Studium Integrale Journal
11. Jahrgang / Heft 2 - Oktober 2004
Seite 86 - 88


Zusammenfassung: Der anatomisch moderne Mensch beanspruchte seit über 100 Jahren Forschung das exklusive Vorrecht, der einzige akzeptable Urheber der erstaunlichen, sehr plötzlich auftretenden Eiszeitkunst (Aurignacien) zu sein. Doch die Beweismittel sind aufgrund verschiedener Neudatierungen stark zusammengeschrumpft und man spricht sogar schon von einem spektakulären Wissenschaftsirrtum in der Paläanthropologie. Nun hat der lang verkannte Neandertaler endlich Raum, ebenfalls als möglicher Träger dieser einzigartigen Kultur anerkannt zu werden..

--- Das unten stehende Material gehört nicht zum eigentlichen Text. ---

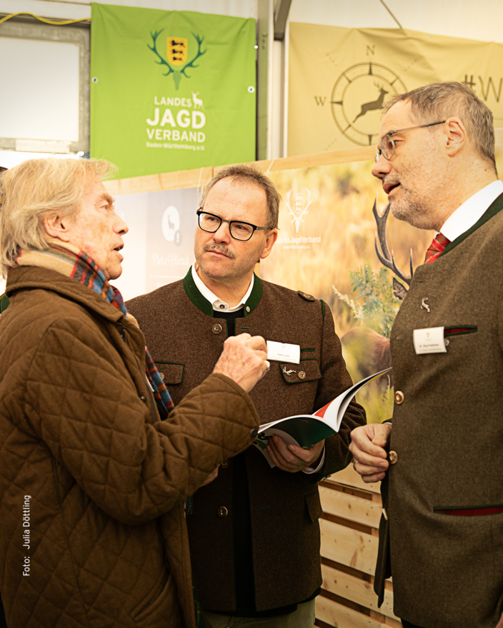 Kommen Sie mit uns ins Gespräch: An unseren neuen Kommunikationstischen erörtern wir gemeinsam die Situation in Ihrem Revier und erarbeiten Handlungs- und Lösungswege. Nutzen Sie auch die Gelegenheit, einen ersten Blick in das bald erscheinende Revierhandbuch zu werfen. Es wird Ihnen wertvolle Praxistipps und Argumente für den Umgang mit Wild und Wald liefern und Sie dabei unterstützen, sicher ins Gespräch mit Vertretern von Forst, Gemeinden oder Waldbesitzern zu gehen.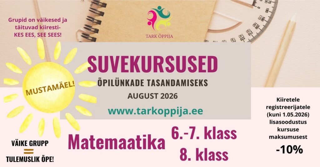 MATEMAATIKA 6.-7. klass (3.08-6.08 ja 10.08-13.08) kell 10.30-12.00 Kursusele on oodatud 2026.aastal 6. ja 7. klassi lõpetanud õpilased.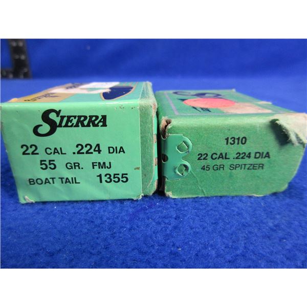22 Cal. .224" Sierra Bullets - Box of 100 (55gr FMJ BT), Box of 100 (45gr Spitzer)
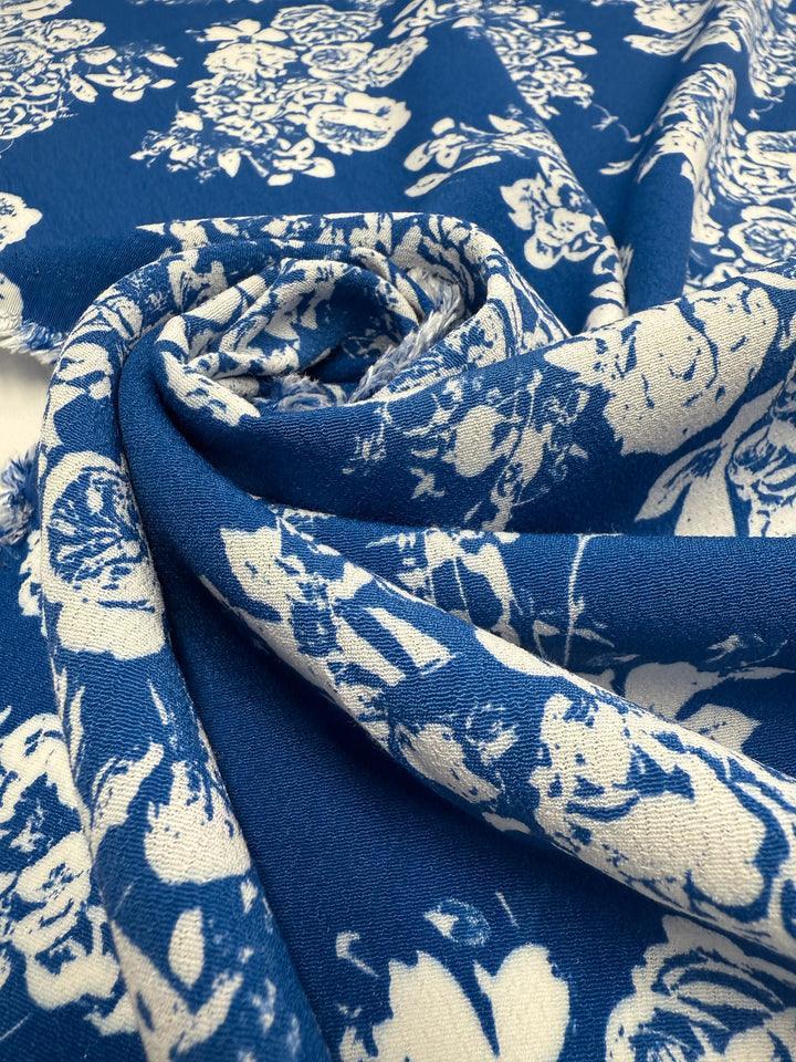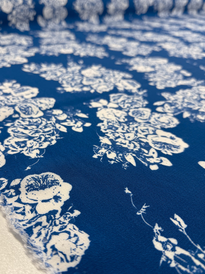 Designer deadstock haul from Prato, Italy. A printed viscose fabric ivory floral clusters on deep blue base.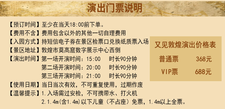 | 莫高窟(应急票)+又见敦煌剧场(普通票) 成人票 联票 |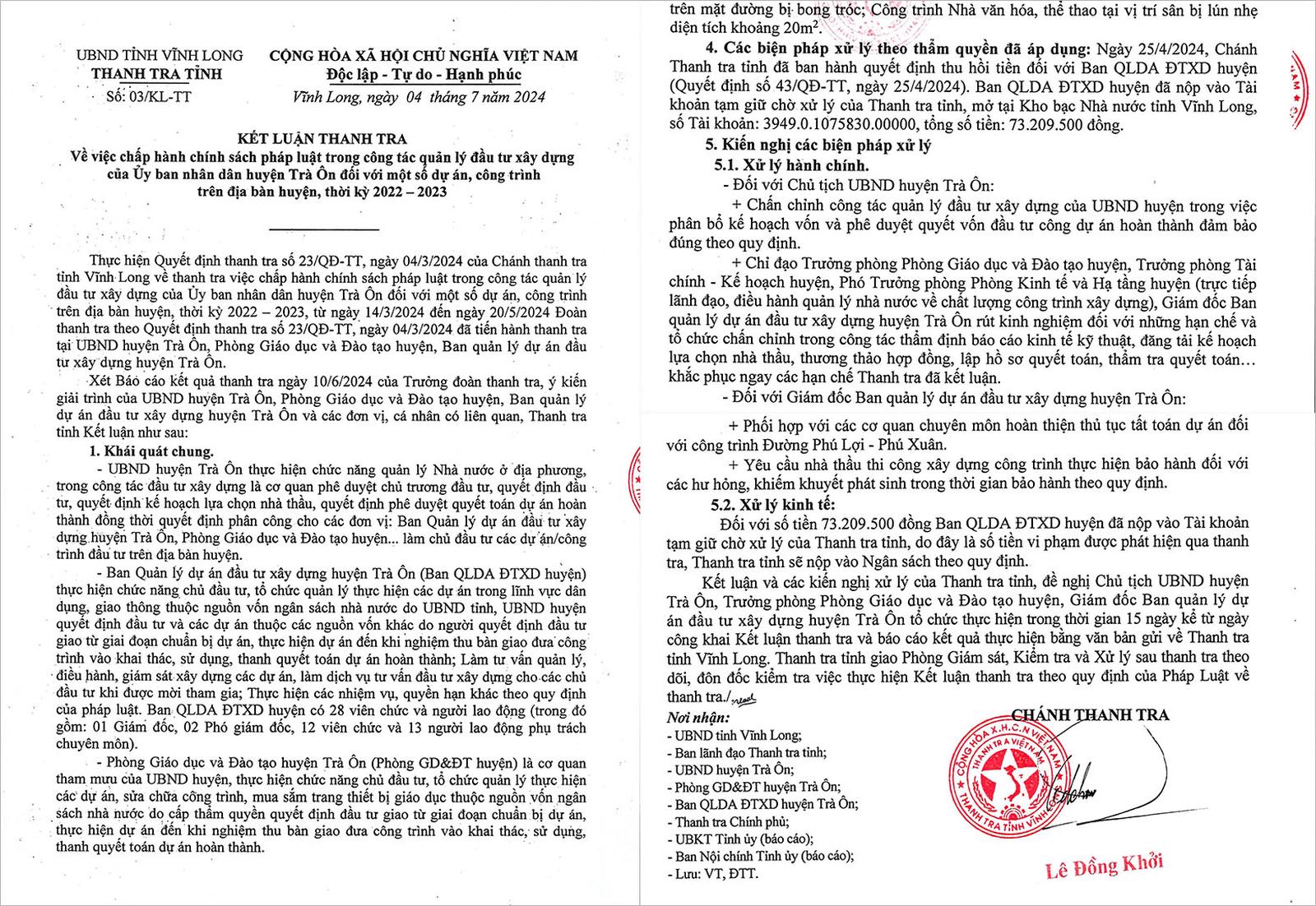 (Thanh tra) - Thanh tra tỉnh Vĩnh Long đã công khai Kết luận thanh tra số 03/KL-TT ngày 4/7/2024 về việc chấp hành chính sách, pháp luật trong công tác quản lý đầu tư xây dựng của UBND huyện Trà Ôn đối với một số dự án, công trình trên địa bàn, thời kỳ 2022 - 2023.
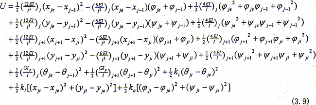 式中 {q}={x1 y1 φ1 ψ1 … xje yje φje ψje xji yji φji ψji … xn yn φn ψn}T

Wunderwerke der Eiszeitkunst – aus dem Nichts?

Neue Funde aus der ältesten Kunstepoche, dem Aurignacien, demonstrieren die besonderen Fähigkeiten ihrer Urheber: 30.000 rJ alte und winzig kleine Elfenbeinschnitzereien aus dem Hohle Fels, Schwäbische Alb, die Ende 2003 von Nicholas Conard von der Uni Tübingen und seinem Team beschrieben wurden, offenbaren eine erstaunliche Kreativität und Geschicklichkeit.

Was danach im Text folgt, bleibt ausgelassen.